**Work task**
Copy exactly the stretch of data below from the line with "DÙNG CHO KẾ" through the line with "At Yummy Bowl, you’re", including both of those lines.

**Exercise input**
....

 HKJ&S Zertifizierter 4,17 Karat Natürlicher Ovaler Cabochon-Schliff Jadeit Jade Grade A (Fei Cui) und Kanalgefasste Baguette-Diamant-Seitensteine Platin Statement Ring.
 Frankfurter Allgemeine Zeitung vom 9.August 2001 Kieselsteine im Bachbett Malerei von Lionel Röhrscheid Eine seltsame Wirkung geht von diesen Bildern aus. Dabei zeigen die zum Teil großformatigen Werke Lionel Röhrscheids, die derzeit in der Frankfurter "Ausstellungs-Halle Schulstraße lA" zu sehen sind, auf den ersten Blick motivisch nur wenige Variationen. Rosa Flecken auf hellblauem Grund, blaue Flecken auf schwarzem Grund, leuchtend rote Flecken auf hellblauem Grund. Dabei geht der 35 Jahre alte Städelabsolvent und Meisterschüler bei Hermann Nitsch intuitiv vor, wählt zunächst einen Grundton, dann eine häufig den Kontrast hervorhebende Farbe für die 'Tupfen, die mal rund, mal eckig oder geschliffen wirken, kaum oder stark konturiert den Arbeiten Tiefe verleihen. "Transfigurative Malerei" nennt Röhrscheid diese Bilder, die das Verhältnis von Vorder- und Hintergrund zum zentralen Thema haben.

....

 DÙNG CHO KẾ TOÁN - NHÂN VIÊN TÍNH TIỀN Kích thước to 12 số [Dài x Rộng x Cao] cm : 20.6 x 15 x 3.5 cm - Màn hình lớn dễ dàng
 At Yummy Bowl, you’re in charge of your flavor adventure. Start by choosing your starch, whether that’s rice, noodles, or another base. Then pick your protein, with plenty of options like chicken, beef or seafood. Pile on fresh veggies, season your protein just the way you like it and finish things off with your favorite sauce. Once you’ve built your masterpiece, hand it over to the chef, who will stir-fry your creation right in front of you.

....

**Solved exercise**
 DÙNG CHO KẾ TOÁN - NHÂN VIÊN TÍNH TIỀN Kích thước to 12 số [Dài x Rộng x Cao] cm : 20.6 x 15 x 3.5 cm - Màn hình lớn dễ dàng
 At Yummy Bowl, you’re in charge of your flavor adventure. Start by choosing your starch, whether that’s rice, noodles, or another base. Then pick your protein, with plenty of options like chicken, beef or seafood. Pile on fresh veggies, season your protein just the way you like it and finish things off with your favorite sauce. Once you’ve built your masterpiece, hand it over to the chef, who will stir-fry your creation right in front of you.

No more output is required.